**Assignment**. Scan the records for lines with the string "pour". Say how many there are, and add nothing.

**Supplied entries**.

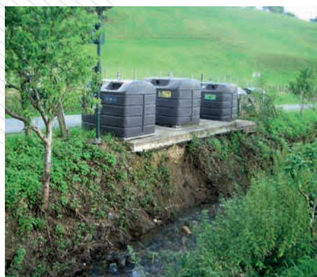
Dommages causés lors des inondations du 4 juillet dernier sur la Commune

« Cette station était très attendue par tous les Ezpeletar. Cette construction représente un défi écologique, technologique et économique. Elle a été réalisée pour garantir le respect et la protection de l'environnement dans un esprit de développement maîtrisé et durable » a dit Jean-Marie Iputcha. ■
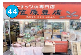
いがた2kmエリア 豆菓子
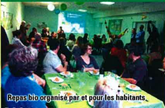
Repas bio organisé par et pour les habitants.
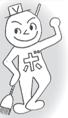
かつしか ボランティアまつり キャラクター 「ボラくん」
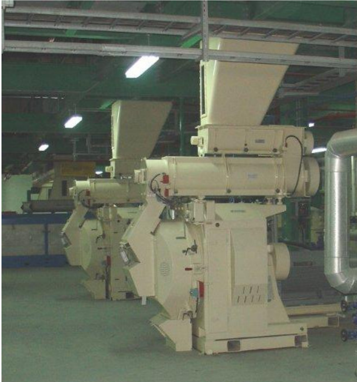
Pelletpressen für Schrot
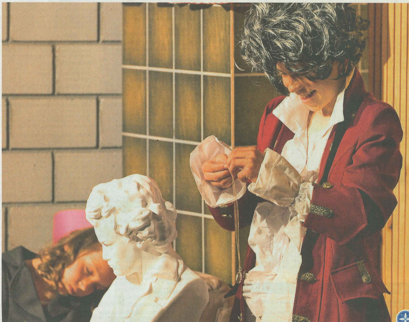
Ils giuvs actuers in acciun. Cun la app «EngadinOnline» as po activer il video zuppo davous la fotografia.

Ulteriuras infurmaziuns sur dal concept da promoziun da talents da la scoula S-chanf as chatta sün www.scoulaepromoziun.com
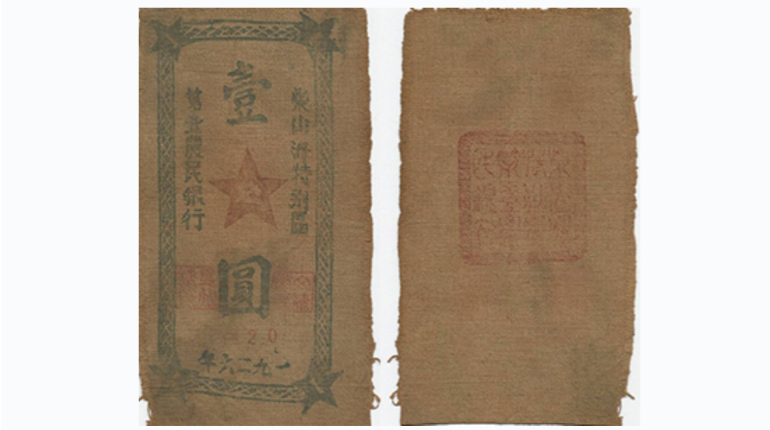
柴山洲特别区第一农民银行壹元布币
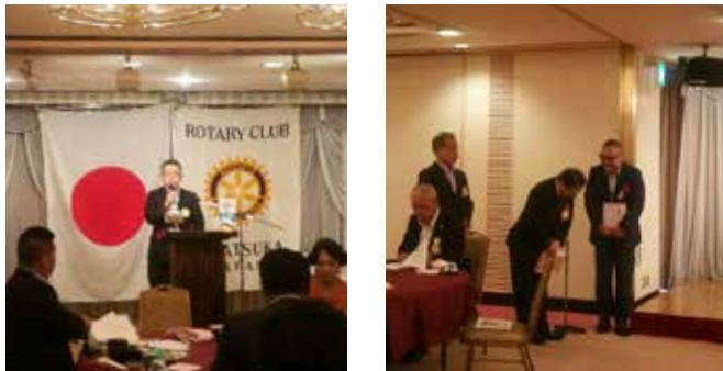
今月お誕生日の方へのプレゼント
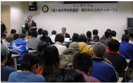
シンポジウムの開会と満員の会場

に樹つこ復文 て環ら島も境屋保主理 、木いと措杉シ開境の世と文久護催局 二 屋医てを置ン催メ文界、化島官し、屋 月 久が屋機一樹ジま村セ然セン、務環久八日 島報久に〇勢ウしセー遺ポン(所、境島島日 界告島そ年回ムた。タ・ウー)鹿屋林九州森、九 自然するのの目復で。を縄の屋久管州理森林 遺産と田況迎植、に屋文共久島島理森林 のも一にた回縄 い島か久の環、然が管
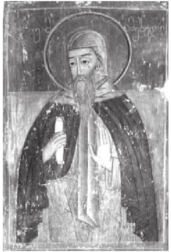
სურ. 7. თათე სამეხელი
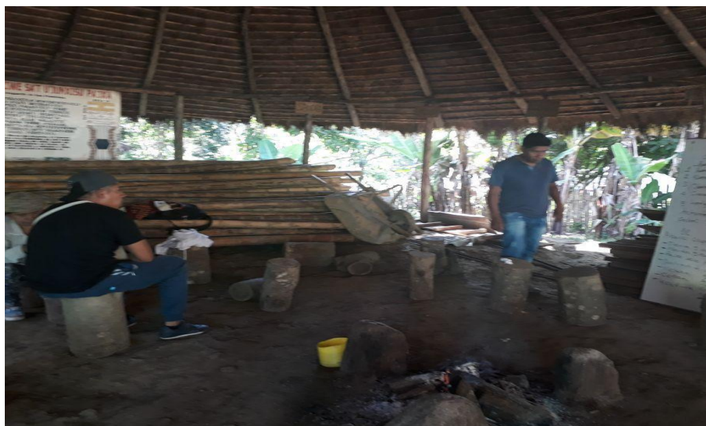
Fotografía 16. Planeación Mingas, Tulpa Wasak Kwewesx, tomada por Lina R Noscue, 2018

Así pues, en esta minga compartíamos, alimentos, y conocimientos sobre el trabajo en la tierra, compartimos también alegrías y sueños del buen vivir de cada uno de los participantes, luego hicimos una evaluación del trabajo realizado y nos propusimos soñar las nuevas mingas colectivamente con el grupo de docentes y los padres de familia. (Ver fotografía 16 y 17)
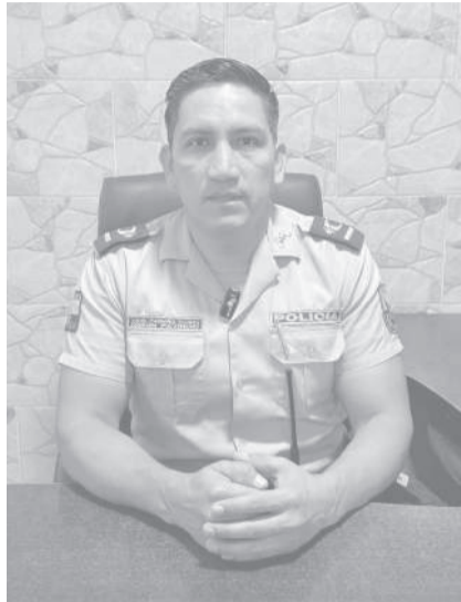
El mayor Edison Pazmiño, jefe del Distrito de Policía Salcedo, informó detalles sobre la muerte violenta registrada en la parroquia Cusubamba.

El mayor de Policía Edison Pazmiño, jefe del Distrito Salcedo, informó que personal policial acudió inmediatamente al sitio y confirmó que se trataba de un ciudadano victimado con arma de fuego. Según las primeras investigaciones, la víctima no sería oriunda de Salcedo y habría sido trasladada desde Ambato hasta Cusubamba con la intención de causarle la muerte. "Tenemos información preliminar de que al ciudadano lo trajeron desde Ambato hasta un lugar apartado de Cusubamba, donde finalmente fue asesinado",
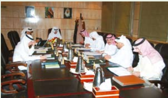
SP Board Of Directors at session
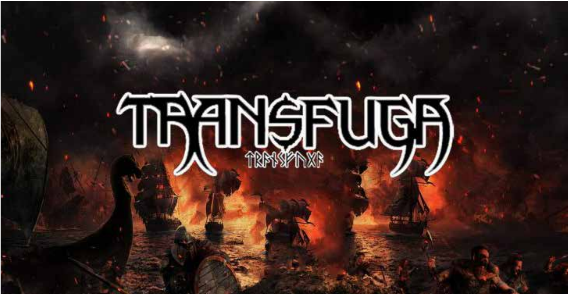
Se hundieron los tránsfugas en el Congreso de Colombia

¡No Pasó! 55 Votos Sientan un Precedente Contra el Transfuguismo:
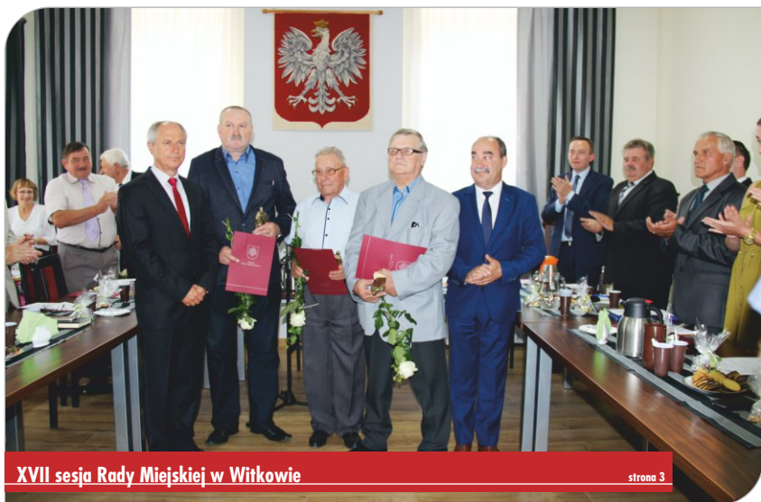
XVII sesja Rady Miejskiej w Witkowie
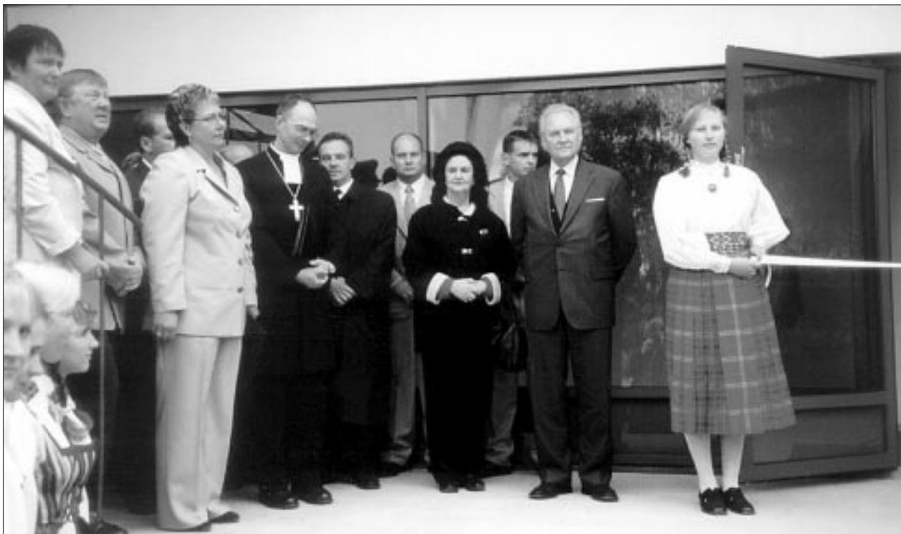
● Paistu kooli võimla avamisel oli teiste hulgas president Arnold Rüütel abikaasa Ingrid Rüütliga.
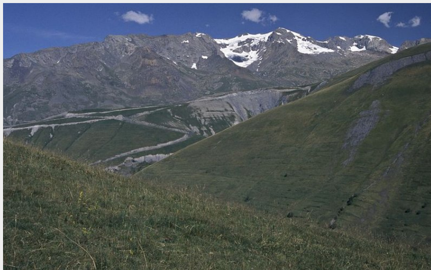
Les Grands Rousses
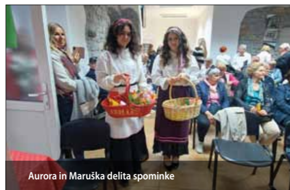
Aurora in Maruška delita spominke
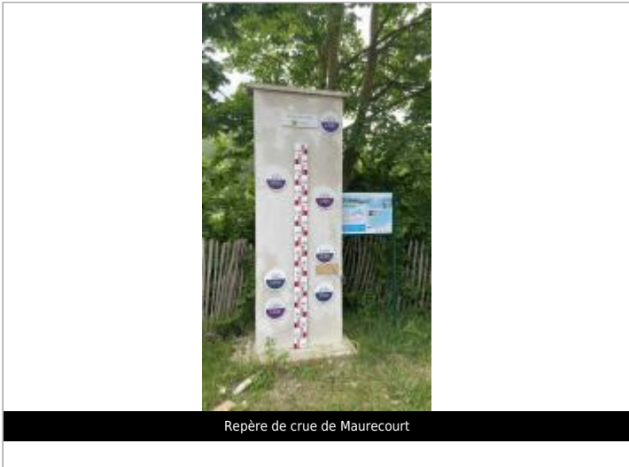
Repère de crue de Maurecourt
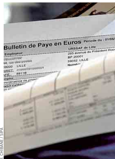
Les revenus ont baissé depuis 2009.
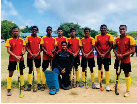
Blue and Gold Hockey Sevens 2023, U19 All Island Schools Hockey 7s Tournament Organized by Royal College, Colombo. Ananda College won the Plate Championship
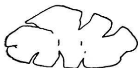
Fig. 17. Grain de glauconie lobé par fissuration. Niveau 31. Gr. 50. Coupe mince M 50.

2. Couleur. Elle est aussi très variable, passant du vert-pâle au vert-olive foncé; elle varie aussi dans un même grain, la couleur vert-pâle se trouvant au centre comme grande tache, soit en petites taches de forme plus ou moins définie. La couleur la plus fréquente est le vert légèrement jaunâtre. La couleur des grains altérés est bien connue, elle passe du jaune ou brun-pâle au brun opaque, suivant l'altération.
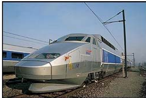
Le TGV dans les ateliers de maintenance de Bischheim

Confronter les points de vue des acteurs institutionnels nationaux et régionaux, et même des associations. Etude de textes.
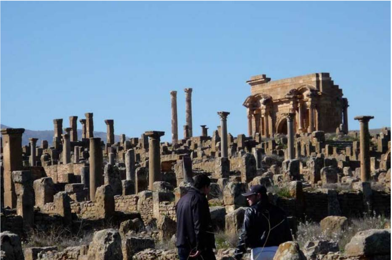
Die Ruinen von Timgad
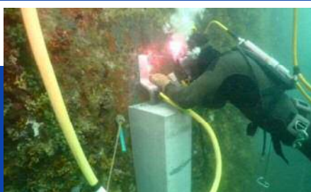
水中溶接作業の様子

**Your response**. 2